Comparing GC and Field LMXBs in Elliptical Galaxies with deep Chandra and Hubble data

(abridged) We present a statistical study of the low-mass X-ray binary (LMXB) populations of three nearby, old elliptical galaxies: NGC 3379, NGC 4278, and NGC 4697. With a cumulative ~1 Ms Chandra ACIS observing time, we detect 90-170 LMXBs within the D25 ellipse of each galaxy. Cross-correlating Chandra X-ray sources and HST optical sources, we identify 75 globular cluster (GC) LMXBs and 112 field LMXBs. In the low luminosity range allowed by our deeper data (LX < 5 x 1037 erg s-1), we find a significant relative lack of GC-LMXBs, when compared with field sources. Using the co-added sample from the three galaxies, we find that the incompleteness-corrected X-ray luminosity functions (XLFs) of GC and field LMXBs differ at ~4# significance at LX < 5 x 1037 erg s-1. As previously reported, these XLFs are consistent at higher luminosities. Our observations may indicate a potential predominance of GC-LMXBs with donors evolved beyond the main sequence, when compared to current models, but their efficient formation requires relatively high initial binary fractions in clusters. The field LMXB XLF can be fitted with either a single power-law model plus a localized excess at a luminosity of 5-6 x 1037 erg s-1, or a broken power-law with a similar low-luminosity break. This XLF may be explained with NS-red-giant LMXBs, contributing to ~15% of total LMXBs population at ~5x1037 erg s-1. The difference in the GC and field XLFs is consistent with different origins and/or evolutionary paths between the two LMXB populations, although a fraction of the field sources are likely to have originated in GCs.

💡 Research Summary

This paper presents a comprehensive statistical study of low‑mass X‑ray binaries (LMXBs) in three nearby, old elliptical galaxies—NGC 3379, NGC 4278, and NGC 4697—using a combined exposure of roughly one megasecond with the Chandra ACIS instrument and deep optical imaging from the Hubble Space Telescope. The authors detect between 90 and 170 X‑ray sources within the D25 isophotal ellipse of each galaxy, yielding a total sample of 187 LMXBs after careful source validation. By cross‑matching the Chandra positions with HST catalogues and applying stringent color‑magnitude criteria, they identify 75 LMXBs that are spatially coincident with confirmed globular clusters (GC‑LMXBs) and 112 that reside in the field (field‑LMXBs).

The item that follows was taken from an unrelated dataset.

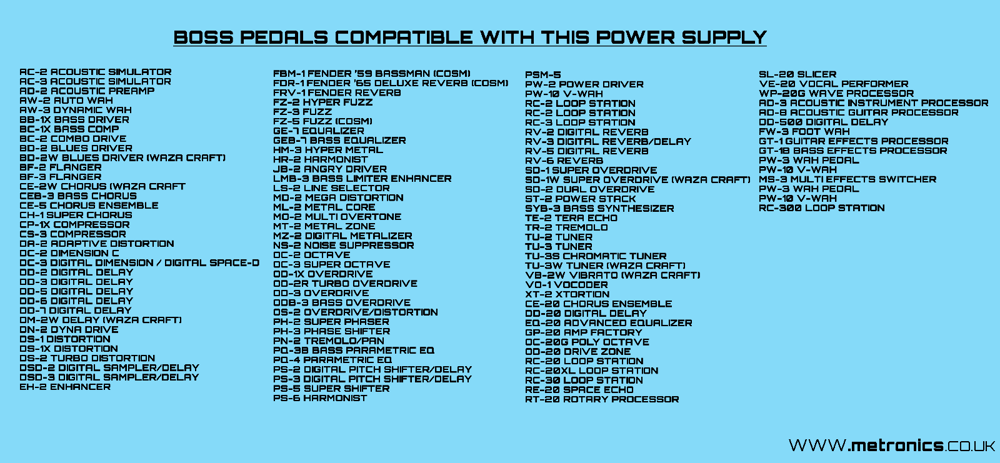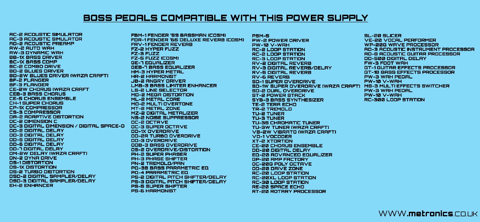 BOSS PEDALS COMPATIBLE WITH THIS POWER SUPPLY

The central focus of the analysis is the X‑ray luminosity function (XLF) of the two sub‑populations. In the low‑luminosity regime (L_X < 5 × 10³⁷ erg s⁻¹), the authors find a pronounced deficit of GC‑LMXBs relative to field sources. When the three galaxies are co‑added, the incompleteness‑corrected XLFs differ at approximately the 4σ level, indicating a statistically robust separation. By contrast, at higher luminosities (L_X > 5 × 10³⁷ erg s⁻¹) the XLFs of GC and field LMXBs are indistinguishable, reproducing earlier findings that bright LMXBs form efficiently in both environments.

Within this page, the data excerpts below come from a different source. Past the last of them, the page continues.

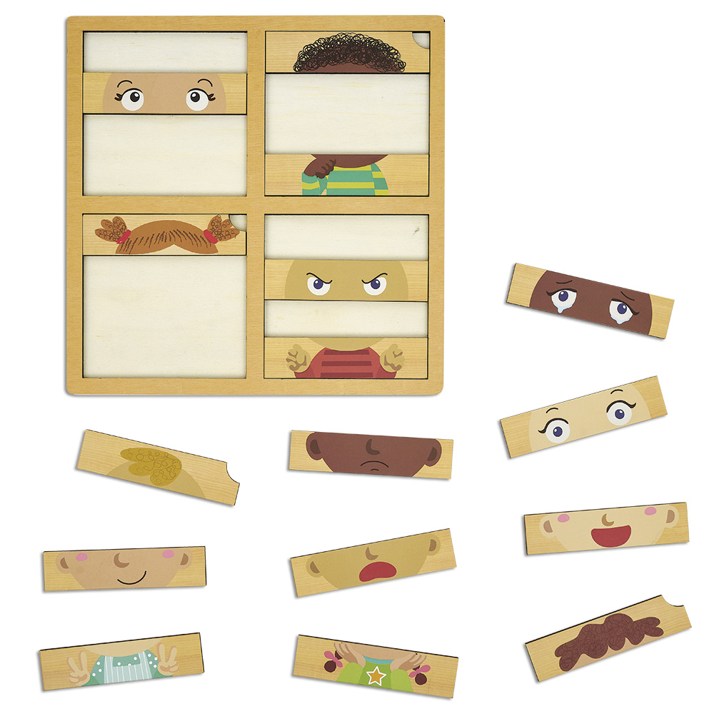Emotions puzzle made up of 16 wooden pieces with expressions to piece together. Fun and enjoyable to play, this game helps develop fine motor skills while learning about different emotions.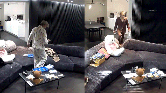 穿着睡衣,乱七八糟的头发,原来偶像在家也是这个样子↓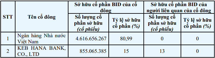Trong đó, NHNN sở hữu 4,62 tỷ cổ phiếu BID, tương ứng tỷ lệ 80,99% vốn điều lệ của ngân hàng. Còn cổ đông chiến lược Keb Hana Bank nắm 855,1 triệu cổ phiếu, tương ứng tỷ lệ sở hữu 15%. Người liên quan của cổ đông này nắm 13 cổ phiếu.

To model the field XLF, the authors explore two viable descriptions: (1) a single power‑law with a localized excess around 5–6 × 10³⁷ erg s⁻¹, and (2) a broken power‑law featuring a low‑luminosity break near the same value. The excess can be interpreted as a contribution from neutron‑star–red‑giant (NS‑RG) binaries, which the authors estimate account for roughly 15 % of the total LMXB population at the break luminosity. The paucity of low‑luminosity GC‑LMXBs, on the other hand, suggests that binaries formed in globular clusters preferentially involve donors that have evolved beyond the main sequence. Such a demographic requires a relatively high initial binary fraction within clusters and efficient dynamical processes (exchange encounters, tidal captures) to assemble and retain these systems.

The paper also discusses the possibility that a fraction of field LMXBs originated in globular clusters and were subsequently ejected, a scenario supported by dynamical simulations of cluster evolution. The authors correct for detection incompleteness, account for distance and metallicity variations among the galaxies, and convert count rates to luminosities using consistent spectral assumptions, thereby ensuring that the observed differences are intrinsic rather than artefacts of observational bias.

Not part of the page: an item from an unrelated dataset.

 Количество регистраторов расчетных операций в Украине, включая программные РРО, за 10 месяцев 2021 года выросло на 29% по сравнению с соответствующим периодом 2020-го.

Overall, the study provides compelling evidence that GC‑LMXBs and field‑LMXBs have distinct formation histories and evolutionary pathways, especially at low X‑ray luminosities. The results underscore the importance of dense stellar environments in shaping binary evolution and motivate further deep X‑ray surveys combined with high‑resolution optical spectroscopy to characterize donor stars and refine theoretical models of LMXB production in both globular clusters and galactic fields.